> Task statement:
Count every line of the material that holds the string "Batlamyus". Respond with the total only.

> Material provided:
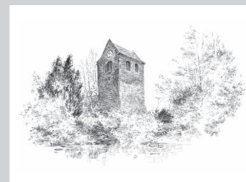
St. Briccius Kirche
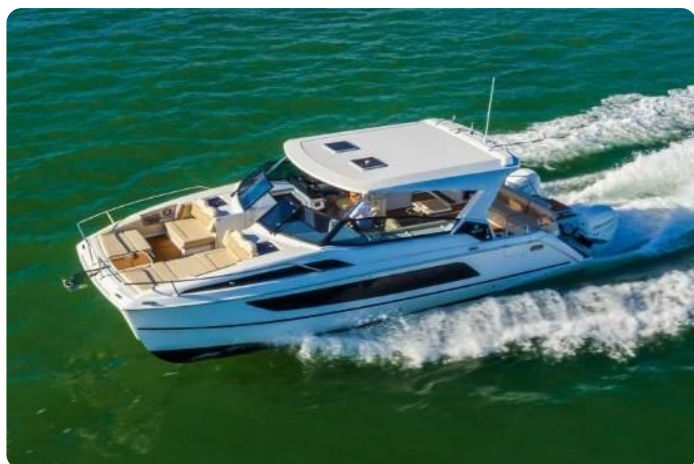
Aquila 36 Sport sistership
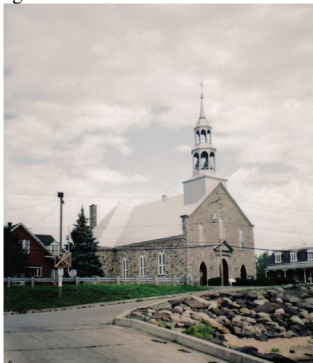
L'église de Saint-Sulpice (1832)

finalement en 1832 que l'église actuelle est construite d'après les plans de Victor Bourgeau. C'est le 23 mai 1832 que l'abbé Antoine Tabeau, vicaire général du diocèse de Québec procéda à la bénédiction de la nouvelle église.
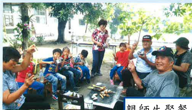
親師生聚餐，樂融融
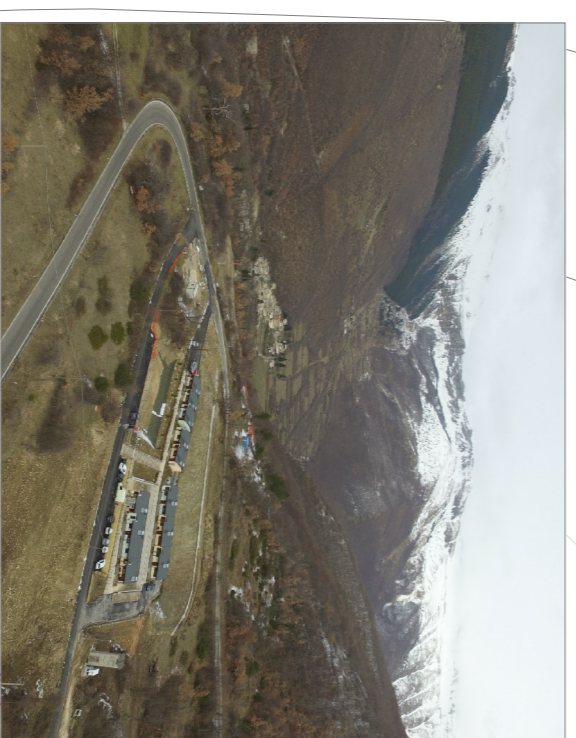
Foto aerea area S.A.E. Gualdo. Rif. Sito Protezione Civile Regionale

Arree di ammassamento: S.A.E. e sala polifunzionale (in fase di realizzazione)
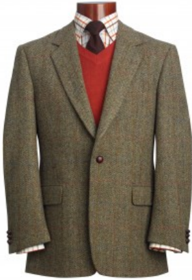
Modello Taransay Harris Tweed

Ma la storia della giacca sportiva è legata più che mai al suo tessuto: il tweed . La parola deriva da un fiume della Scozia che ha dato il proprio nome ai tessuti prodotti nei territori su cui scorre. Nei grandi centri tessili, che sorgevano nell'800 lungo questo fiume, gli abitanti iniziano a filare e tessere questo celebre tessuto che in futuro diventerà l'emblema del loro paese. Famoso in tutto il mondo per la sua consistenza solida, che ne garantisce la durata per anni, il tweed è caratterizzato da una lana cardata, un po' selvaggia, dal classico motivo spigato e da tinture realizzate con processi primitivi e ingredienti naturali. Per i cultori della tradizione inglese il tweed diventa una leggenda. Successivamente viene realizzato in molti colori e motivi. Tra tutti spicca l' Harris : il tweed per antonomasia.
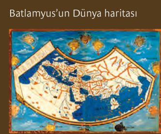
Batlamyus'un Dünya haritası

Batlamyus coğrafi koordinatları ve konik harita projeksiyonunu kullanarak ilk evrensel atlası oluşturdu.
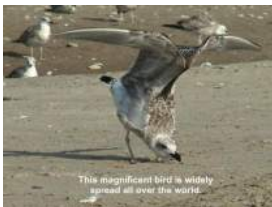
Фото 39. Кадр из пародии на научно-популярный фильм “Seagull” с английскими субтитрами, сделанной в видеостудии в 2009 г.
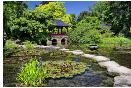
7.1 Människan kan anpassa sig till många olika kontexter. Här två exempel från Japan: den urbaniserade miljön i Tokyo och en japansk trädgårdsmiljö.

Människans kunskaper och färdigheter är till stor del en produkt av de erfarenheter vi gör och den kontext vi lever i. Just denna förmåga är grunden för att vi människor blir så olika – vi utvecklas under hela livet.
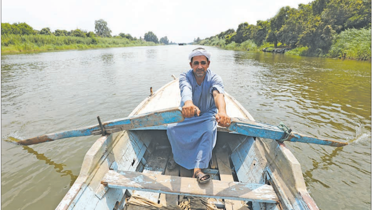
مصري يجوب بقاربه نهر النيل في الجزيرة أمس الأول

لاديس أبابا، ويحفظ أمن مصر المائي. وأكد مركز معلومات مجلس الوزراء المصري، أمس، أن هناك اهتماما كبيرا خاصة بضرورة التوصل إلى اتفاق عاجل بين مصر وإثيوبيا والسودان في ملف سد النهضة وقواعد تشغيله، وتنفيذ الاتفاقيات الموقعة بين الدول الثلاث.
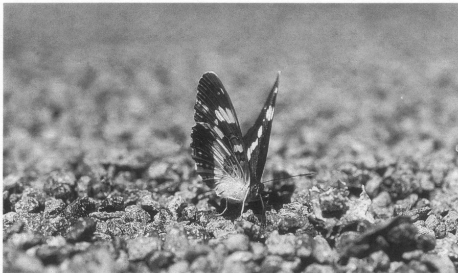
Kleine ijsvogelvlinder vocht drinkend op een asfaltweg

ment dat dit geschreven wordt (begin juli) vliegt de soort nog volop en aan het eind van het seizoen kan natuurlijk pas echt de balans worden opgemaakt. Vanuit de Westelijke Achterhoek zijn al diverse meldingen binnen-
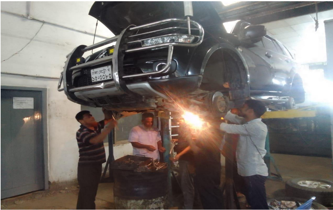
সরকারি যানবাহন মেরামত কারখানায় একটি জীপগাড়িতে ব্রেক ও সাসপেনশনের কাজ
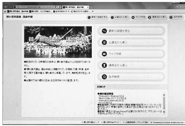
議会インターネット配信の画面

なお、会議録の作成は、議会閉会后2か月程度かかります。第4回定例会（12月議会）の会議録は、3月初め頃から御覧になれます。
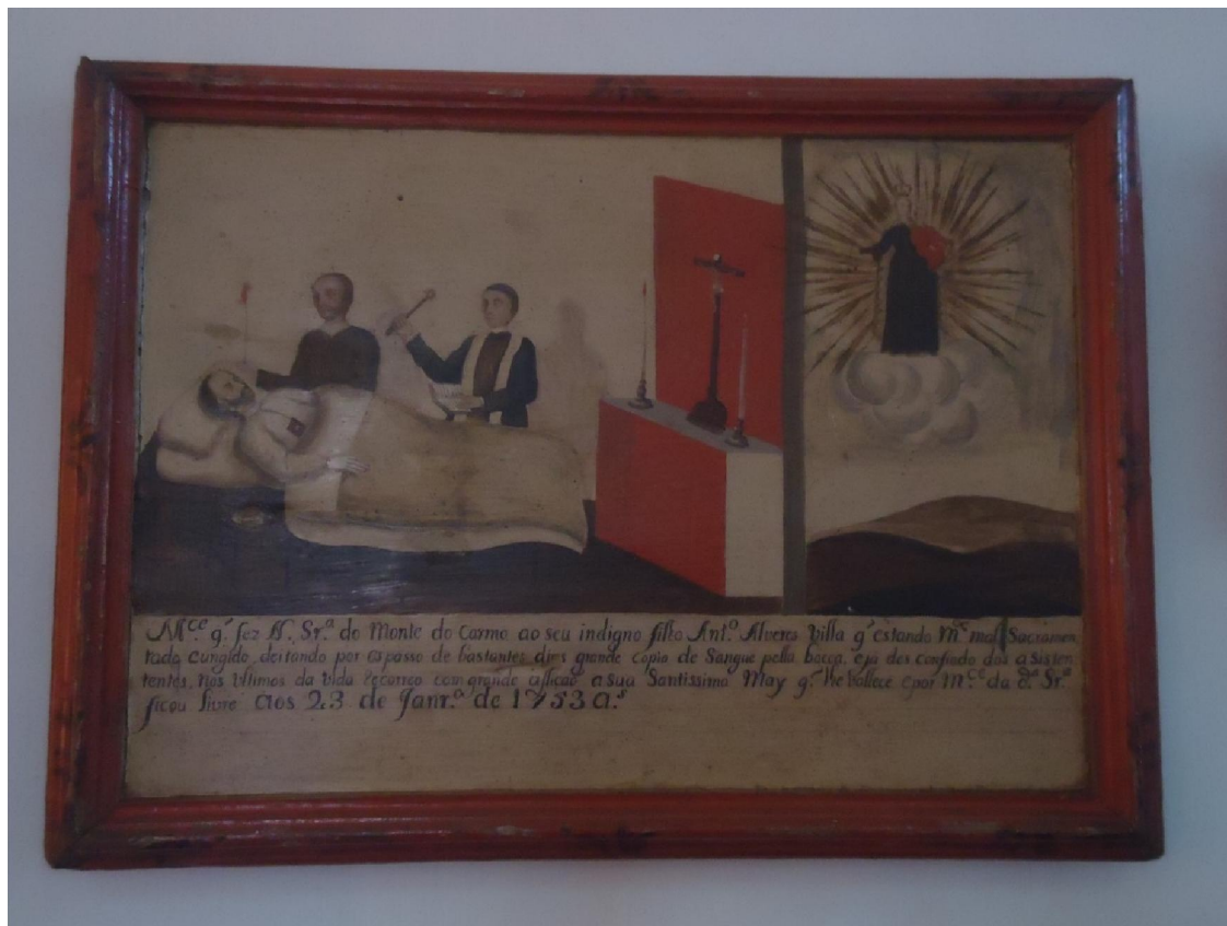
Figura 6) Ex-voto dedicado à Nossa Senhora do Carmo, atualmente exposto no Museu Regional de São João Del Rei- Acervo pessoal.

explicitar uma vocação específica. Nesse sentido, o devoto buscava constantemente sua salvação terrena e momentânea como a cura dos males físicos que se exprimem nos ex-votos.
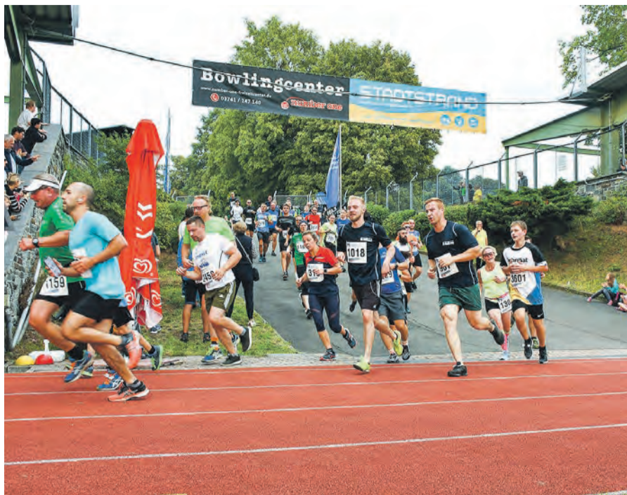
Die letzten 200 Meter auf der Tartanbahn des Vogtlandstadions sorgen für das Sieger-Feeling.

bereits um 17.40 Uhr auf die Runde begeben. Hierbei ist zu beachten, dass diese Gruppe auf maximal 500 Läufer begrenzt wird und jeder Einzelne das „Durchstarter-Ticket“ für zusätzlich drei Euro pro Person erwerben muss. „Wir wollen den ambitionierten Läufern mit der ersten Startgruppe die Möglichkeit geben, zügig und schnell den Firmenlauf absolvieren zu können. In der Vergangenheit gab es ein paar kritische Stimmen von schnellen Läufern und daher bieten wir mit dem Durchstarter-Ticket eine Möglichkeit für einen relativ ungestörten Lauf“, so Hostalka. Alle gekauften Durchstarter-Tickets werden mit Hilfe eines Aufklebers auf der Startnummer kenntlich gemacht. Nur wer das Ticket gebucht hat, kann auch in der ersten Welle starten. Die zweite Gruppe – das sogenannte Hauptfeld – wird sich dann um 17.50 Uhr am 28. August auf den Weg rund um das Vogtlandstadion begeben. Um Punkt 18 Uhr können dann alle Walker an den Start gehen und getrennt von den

> Response to this exercise:
2